For Variation B this is calculated as (37, 63). More wider this interval more is the uncertainty. As sample size grows this spread squeezes.
Chance of beating
It represents how likely it is that a variation beats other variation or all other variations. For our 2 variate example we again represent belief in CTR of both variations using probability distributions.
A (in Blue) : Impressions 50 Clicks 20 CTR 40% Credible Interval: (28, 54)
B (in Orange) : Impressions 50 Clicks 25 CTR 50% Credible Interval: (37, 63)
We cannot assume that B is better. Means are quite separate apart, but there is some overlap between distributions. The credible interval above also highlights this overlap region. To quantify this uncertainty, we calculate the probability of one variation beating another i.e., if you randomly draw a sample for Variation A and for Variation B, what are the chances that the sample from B would have a higher CTR than that of A.
Chance of B beating A = 84 %
Chance of beating all
Suppose we have more than 2 variation
A : Impressions 100 Clicks 15 CTR 15%
B : Impressions 100 Clicks 20 CTR 20%
C : Impressions 100 Clicks 25 CTR 25%
Similar to 2 variates case we can calculate:-
Chance of A beating B & C = 2 %
Chance of B beating A & C = 19 %
Chance of C beating A & B = 78 %
Variates | Impressions> | Clicks | CTR | 95% Credible Interval | Chance of beating all |
A | 100 | 15 | 15% | (9.33, 23.31) | 2% |
B | 100 | 20 | 20% | (13.36, 28.91) | 19% |
C | 100 | 25 | 25% | (17.56, 34.33) | 78% |
What this means for your campaigns
For campaigns with one variation and control
In campaigns where you have 1 variation along with Control Group, if the chances of Variation 1 beating control exceeds 75%, it is established that your campaign communication is helpful in driving your primary conversion goal. We, hence, recommend you remove Control Group and reach out to all users to maximize the campaign coverage and impact.

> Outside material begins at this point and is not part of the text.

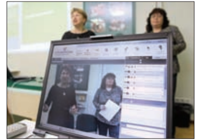
ВЕБИНАРЫ И ВИДЕОКОНФЕРЕНЦИИ

Официальный сайт nursing.edu.ru и издательские ресурсы открывают доступ к образовательным программам, новым руководствам, актуальным научным исследованиям, основанным на принципах доказательной медицины.

You can remove them from your running active campaigns by just editing them and setting the Control Group percentage as zero. For single occurrence General Push, you can use this learning for future campaigns of similar nature.
You can see Chances to beat control in your Variation Performance table:
For campaigns with multiple variations
With multiple variations, if the chances of any variation beating all others exceed 75%, it is established that a particular variation is performing better than all the others. We, hence, recommend you to continue only with that variation so that you can maximize campaign impact by sending the most effective message variation.
You can remove other variations from your running active campaigns by just editing and setting other variation percentage as zero. For single occurrence General Push, you can use this learning for future campaigns of similar nature. e.g. for below variation performance, we recommend you to continue with Variation 2 to maximize your campaign CTRs.
A sample campaign may look something like this:>
You might have a question that though Variation 1 has high CVR but we are still recommending to continue with Variation 3? It is because we believe that a message copy contributes to increasing/decreasing your message CTR. Conversions are dependent on a lot many other factors as well. We hence consider a variation to be winning over other variations only if it has a higher CTR.